Yesterday we launched ChatGPT Atlas, our new web browser. In Atlas, ChatGPT agent can get things done for you. We’re excited to see how this feature makes work and day-to-day life more efficient and effective for people.
ChatGPT agent is powerful and helpful, and designed to be safe, but it can still make (sometimes surprising!) mistakes, like trying to buy the wrong product or forgetting to check-in with you before taking an important action.
One emerging risk we are very thoughtfully researching and mitigating is prompt injections, where attackers hide malicious instructions in websites, emails, or other sources, to try to trick the agent into behaving in unintended ways. The objective for attackers can be as simple as trying to bias the agent’s opinion while shopping, or as consequential as an attacker trying to get the agent to fetch and leak private data, such as sensitive information from your email, or credentials.

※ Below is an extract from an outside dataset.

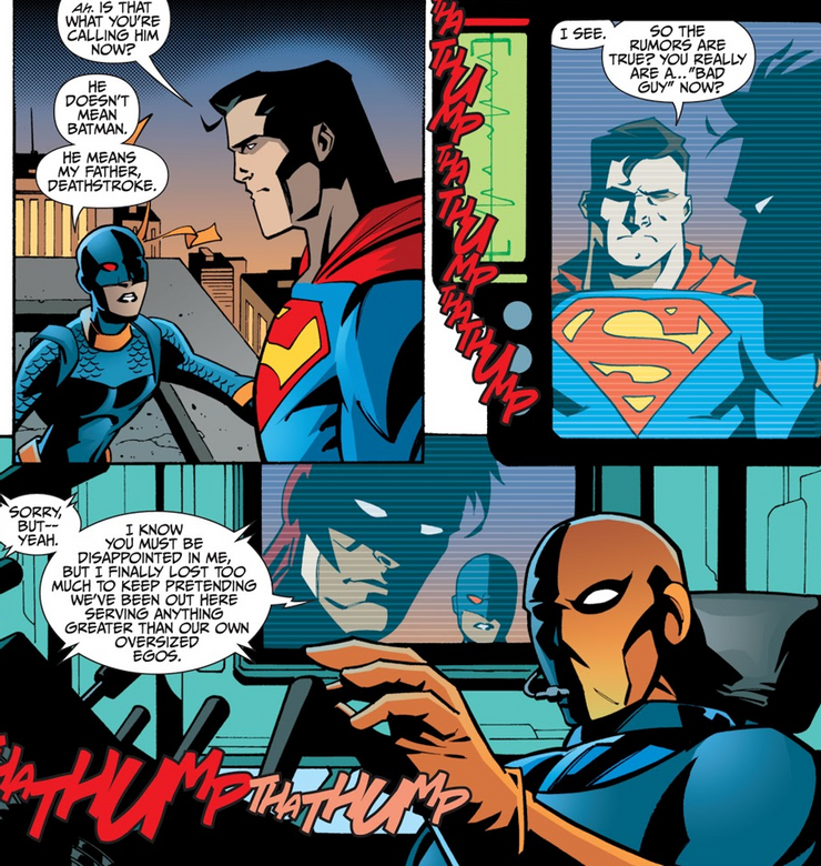 El ex Boy Wonder subestima a Deathstroke, lo que lleva a una pelea con Superman que pone en peligro a los inocentes. Deathstroke es el adversario más mortífero de Nightwing, por lo que no sorprende que Dick Grayson desconozca las modificaciones introducidas en su disfraz, así como las adiciones hechas para Ravager. Uno de los guantes de Grayson contiene un dispositivo que desvía la señal de su corazón. Como resultado, los sentidos de Superman lo convencen de que Dick está diciendo la verdad, lo que lo hace caer en una mentira obvia que sus propios instintos deberían haberle dicho que no era verdad.

Our long-term goal is that you should be able to trust ChatGPT agent to use your browser, the same way you’d trust your most competent, trustworthy, and security-aware colleague or friend. We’re working hard to achieve that. For this launch, we’ve performed extensive red-teaming, implemented novel model training techniques to reward the model for ignoring malicious instructions, implemented overlapping guardrails and safety measures, and added new systems to detect and block such attacks. However, prompt injection remains a frontier, unsolved security problem, and our adversaries will spend significant time and resources to find ways to make ChatGPT agent fall for these attacks.
To protect our users, and to help improve our models against these attacks:
1. We’ve prioritized rapid response systems to help us quickly identify block attack campaigns as we become aware of them.
2. We are also continuing to invest heavily in security, privacy, and safety - including research to improve the robustness of our models, security monitors, infrastructure security controls, and other techniques to help prevent these attacks via defense in depth.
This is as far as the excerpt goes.